Note: This implementation requires Apple Silicon (M1/M2/M3/M4) and macOS 13.0+.

Usage Examples

Command Line

# Basic generation
python generate.py --model xlstm_7b_model --prompt "Once upon a time"

# Advanced sampling
python generate.py --model xlstm_7b_model \
  --prompt "The future of AI" \
  --max-tokens 200 \
  --temperature 0.8 \
  --top-p 0.9

# Interactive mode
python generate.py --model xlstm_7b_model --interactive

# Model information
python generate.py --model xlstm_7b_model --info

# Debug wiring structure
python generate.py --model xlstm_7b_model --prompt "Test" --show-wiring

Python API

from xlstm_metal.mlx_jit.generate import xLSTMRunner
from xlstm_metal.mlx_jit.tokenizer import TokenizerBlock, TokenizerConfig

# Initialize runner
runner = xLSTMRunner("xlstm_7b_model")

# Initialize tokenizer
tokenizer_config = TokenizerConfig(model_path="xlstm_7b_model")
tokenizer = TokenizerBlock(tokenizer_config)

# Get model information
info = runner.get_model_info()
print(f"Model: {info['num_blocks']} blocks, {info['embedding_dim']}d")

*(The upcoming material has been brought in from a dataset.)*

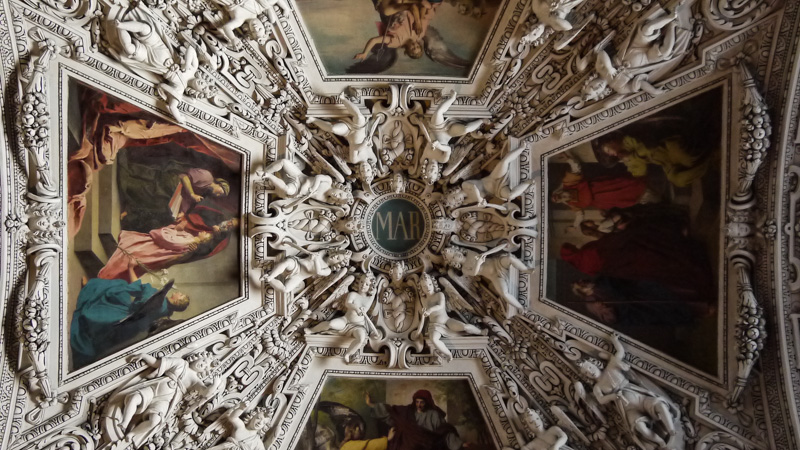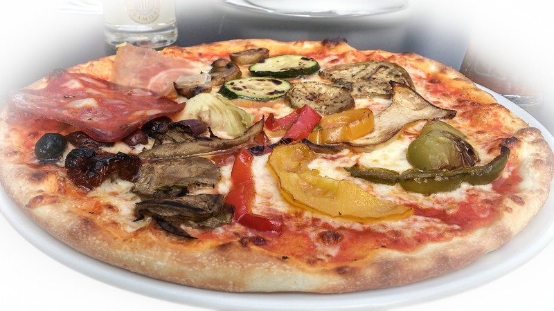 Zuerst liefen wir die Altstadt entlang und begutachteten die tollen alten Fassaden, die mit Stuck versehen sind. Um 13 Uhr gab es im Ristorante Palazzo Mittagessen. Flo entschied sich für Lasagne und Salat und ich mich für eine Pizza „Antipasti“. Darauf waren Pilze, Artischocken, Zuchhini, Salami, Schinken, Auberginen und Käse. Sehr, sehr lecker.

# Generate with custom parameters
prompt_ids = tokenizer.encode("Hello world").tolist()
generated_ids = runner.generate(
    prompt_ids,
    max_tokens=100,
    temperature=0.7,
    top_k=50
)
output = tokenizer.decode(generated_ids)
print(output)

# Stateful generation (efficient for long sequences)
runner.reset_state()
prompt_ids = tokenizer.encode("Tell me a story").tolist()
current_ids = prompt_ids
for i in range(50):  # Generate 50 tokens
    next_token = runner.generate_next_token(
        mx.array([current_ids], dtype=mx.int64),
        temperature=0.8
    )
    current_ids = [int(next_token)]
    print(tokenizer.decode([int(next_token)]), end='', flush=True)

Performance

xLSTM-Metal leverages Apple Silicon's unified memory architecture and Metal acceleration through MLX:

  • Unified Memory: Direct GPU access without CPU-GPU data transfers
  • MLX Optimization: Lazy evaluation and optimized kernel fusion
  • Efficient Execution: Sequential block processing with minimal overhead
  • Memory Efficient: Stateful generation reduces recomputation

Performance characteristics depend on model size, sequence length, and hardware generation (M1/M2/M3/M4).

Typical Performance (xLSTM-7B on M2 Max):

  • First token latency: ~500ms (includes model loading and Metal shader compilation)
  • Subsequent tokens: ~50-100ms per token
  • Memory usage: ~14GB (model weights) + ~2-4GB (inference state)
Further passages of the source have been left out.